On a conciliatory note, the president acknowledged “courageous men and women of the Republican party” who are “standing against those who are transforming their party … who seem no longer to want to be the party of Lincoln, Eisenhower, Reagan or the Bushes.”
“Whatever my other disagreements are with Republicans, so long as there are those who support the rule of law and not the rule of a single man, I will always seek to work together with them to find shared solutions,” Biden said. “Because as long as we have a shared belief in democracy, anything is possible. Anything.
“At this moment, we must decide what kind of nation we are going to be,” he continued. “Are we going to be a nation that accepts political violence as a norm? Are we going to be a nation where we allow partisan election officials to overturn the legally expressed will of the people? Are we going to be a nation that lives not by the light of the truth, but in the shadow of lies? We cannot allow ourselves to be that kind of nation. The way forward is to recognize the truth, to live by it.”
But Biden soon returned to the “lies” he sought to refute, including the assertion by some Republicans that the rioters were somehow “patriots.”
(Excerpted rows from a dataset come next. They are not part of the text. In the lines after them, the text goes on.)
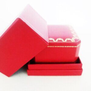 This listing is for a beautiful and authentic Cartier ring box. It is in the signature red and gold and well made as you would expect from this luxury brand. It is the complete set, the presentation box and the ring box in their original condition.
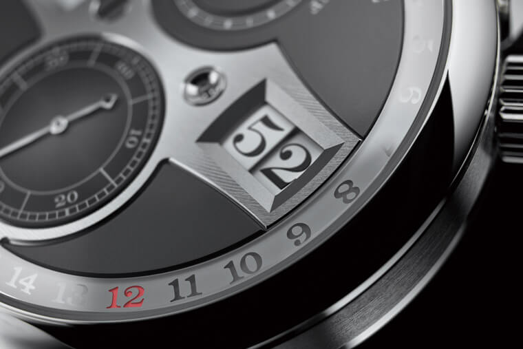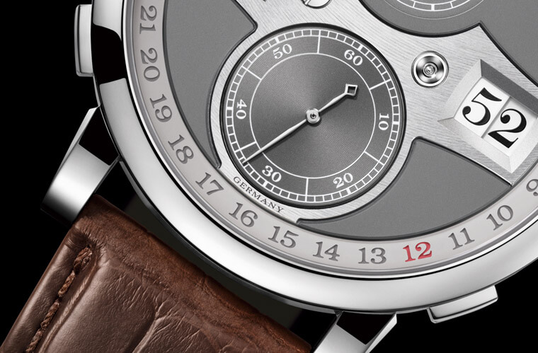 ▲ZEITWERK DATE能够透过表壳四点与八点方向的按把分别快调小时与日期,不仅节省佩戴者的时间,也间接维持腕表走时的精准度。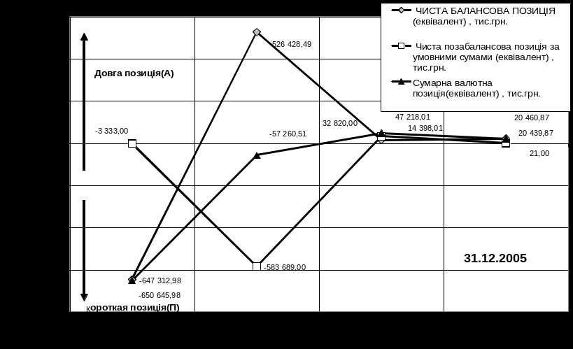 Рис.Д.3. Повалютний аналіз валютної позиції в АКБ «Приватбанк» станом на 31.12.2005 року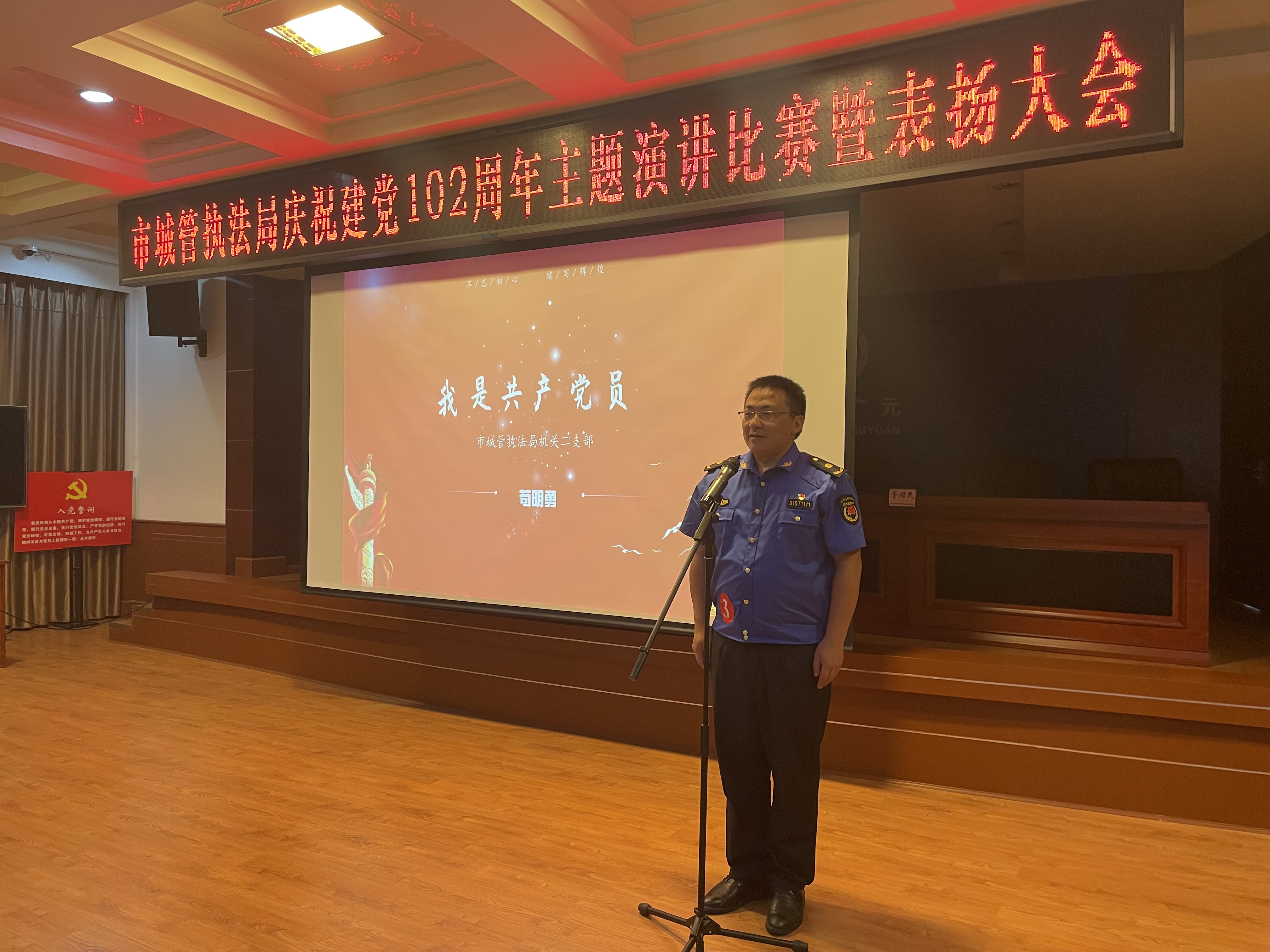 6月29日,市城管执法局举办庆祝建党102周年表扬大会,通报表扬了16名优秀共产党员、8名优秀党务工作者,激励基层党组织和广大党员学优看齐,以先进为榜样,立足本职,拼搏进取,坚决做到“崇法善治、服务人民”。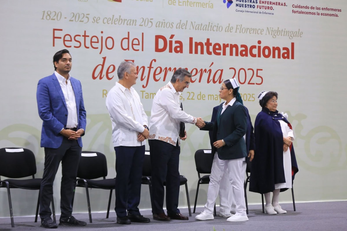 Al presidir el festejo del Día Internacional de la Enfermería, que congregó a cerca de 3 mil profesionales de la salud, en el Centro de Convenciones de Reynosa, acompañado por Vicente Joel Hernández Navarro, secretario de Salud, e Irma Barragán Alvarado, subsecretaria de Enfermería, el gobernador del Estado destacó el momento trascendente que vive el sistema de salud de nuestro país con el modelo IMSS-Bienestar, en donde la enfermería juega un papel importantísimo y sustantivo.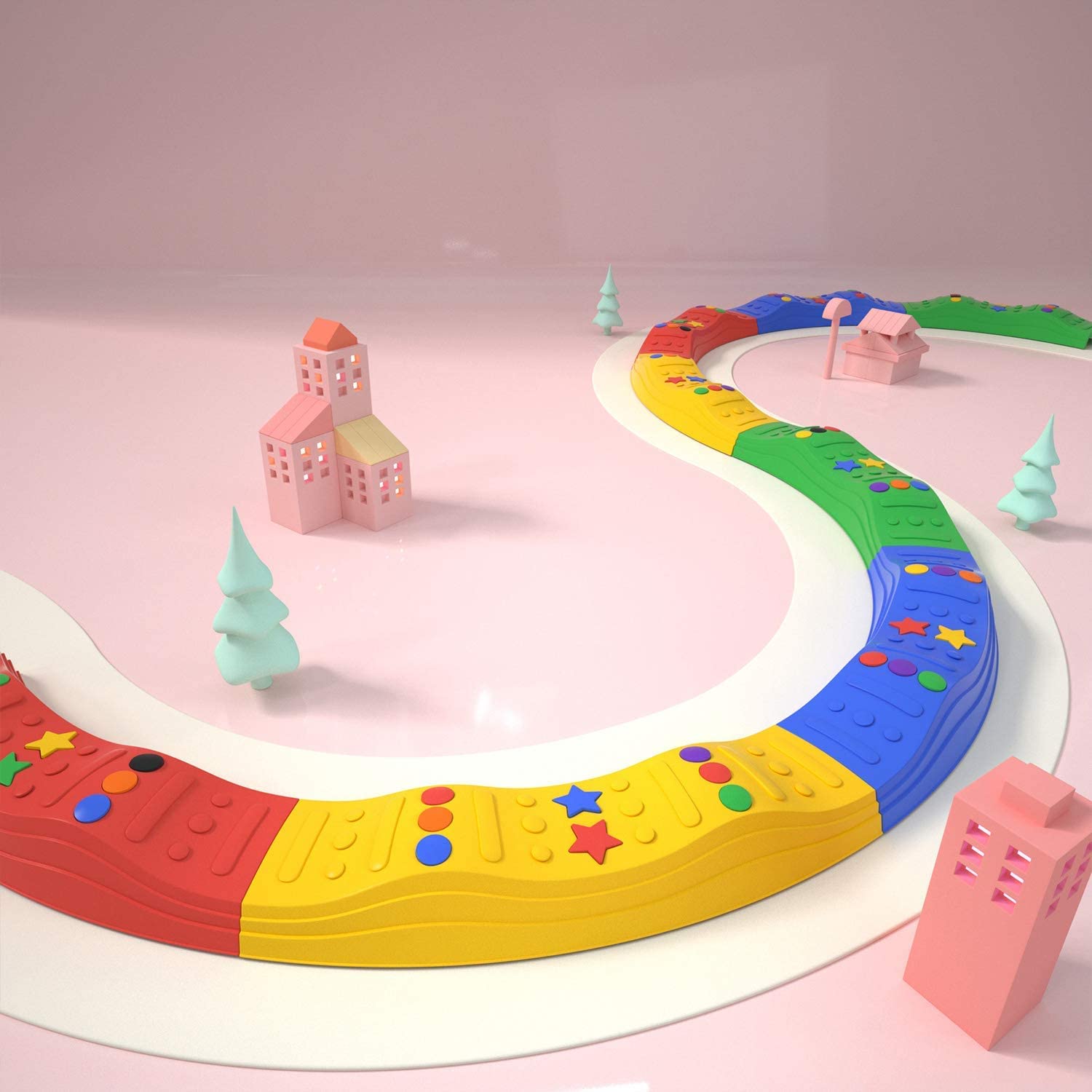 Mocuteen Kids Balance Beam Toddler Stepping Stones Max Load 220Lbs 8 Pcs Non-Slip Textured Surface & Rubber Pads Bottom Promote Agility Coordination Five Star Pattern

“Is that what you thought as you watched the mob ransacking the Capitol, destroying property, littering, defecating in the hallway, rifling through the desks of senators and representatives, hunting down members of Congress? Patriots? Not in my view.”
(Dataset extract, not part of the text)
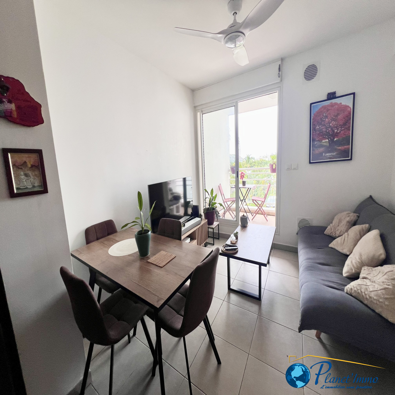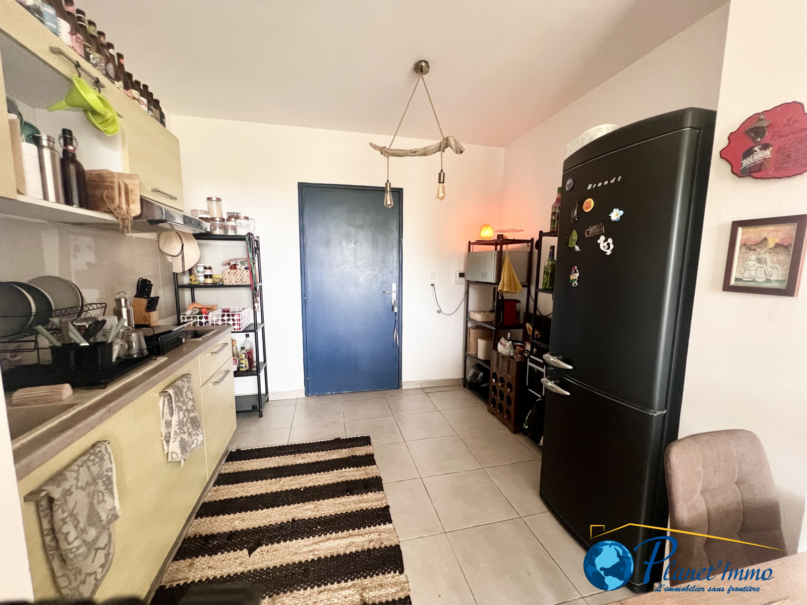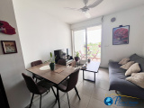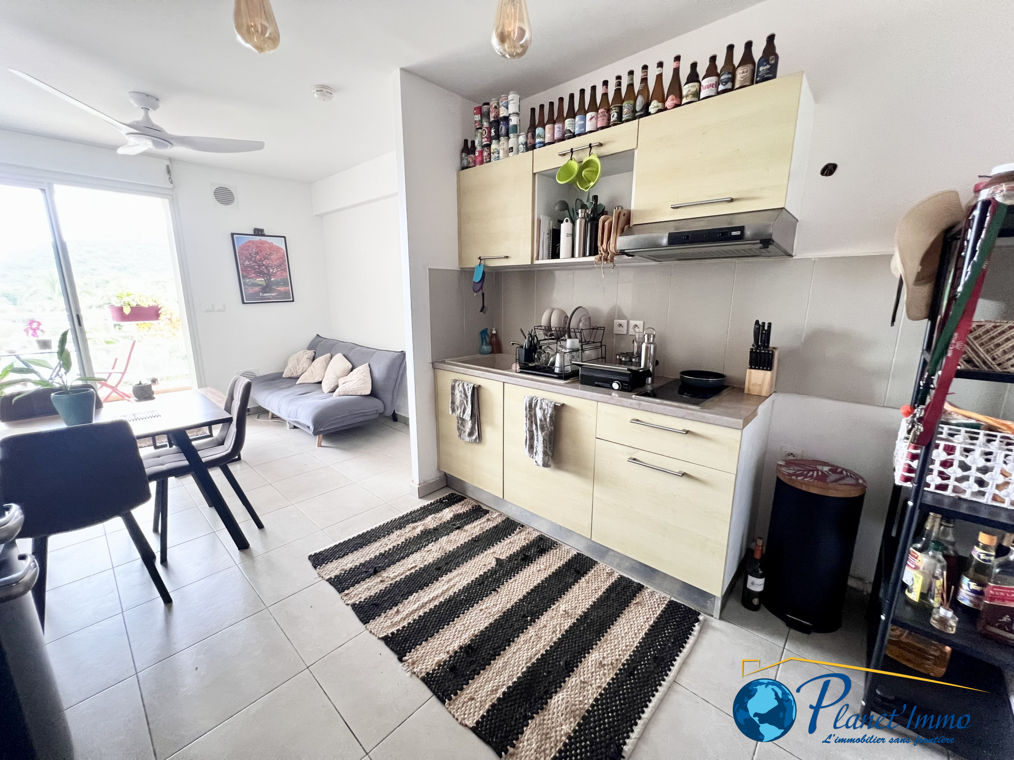 L’appartement se compose d’une cuisine ouverte sur le séjour, créant un espace de vie convivial et lumineux. La pièce principale s’ouvre sur une agréable varangue, idéale pour profiter de l’extérieur en toute tranquillité.

On Jan. 6, 2021, Biden said, “our democracy held. We, the people, endured. We, the people, prevailed.”
“For the first time in our history, a president had not just lost an election, he tried to prevent the peaceful transfer of power as a violent mob breached the Capitol. But they failed. They failed. And on this day of remembrance, we must make sure that such an attack never, never happens again,” he said.
Speaking before the president, Vice President Kamala Harris said young people often ask her about the state of democracy in the wake of the Jan. 6 riot and that she always answers by telling them the events of that day reflect “the dual nature of democracy — its fragility and its strength.”
The nation’s strength, she said, is its adherence to a “rule of law” and “the principle that everyone should be treated equally” by leaders chosen in free and fair elections.
“And the fragility of democracy is this: If we are not vigilant, if we do not defend it, democracy simply will not stand,” Harris said. “It will falter, and fail.”
“On Jan. 6, we all saw what our nation would look like if the forces who seek to dismantle our democracy are successful — the lawlessness, the violence, the chaos,” she continued.
“What the extremists who roamed these halls targeted was not only the lives of elected leaders. What they sought to degrade and destroy was not only a building, hallowed as it is. What they were assaulting were the institutions, the values, the ideals, that generations of Americans have marched, picketed, and shed blood to establish and defend.
“What was at stake then and now is the right to have our future decided the way the Constitution prescribes it, by we the people, all the people. We cannot let our future be decided by those bent on silencing our voices, overturning our votes, and peddling lies and misinformation,” the vice president said.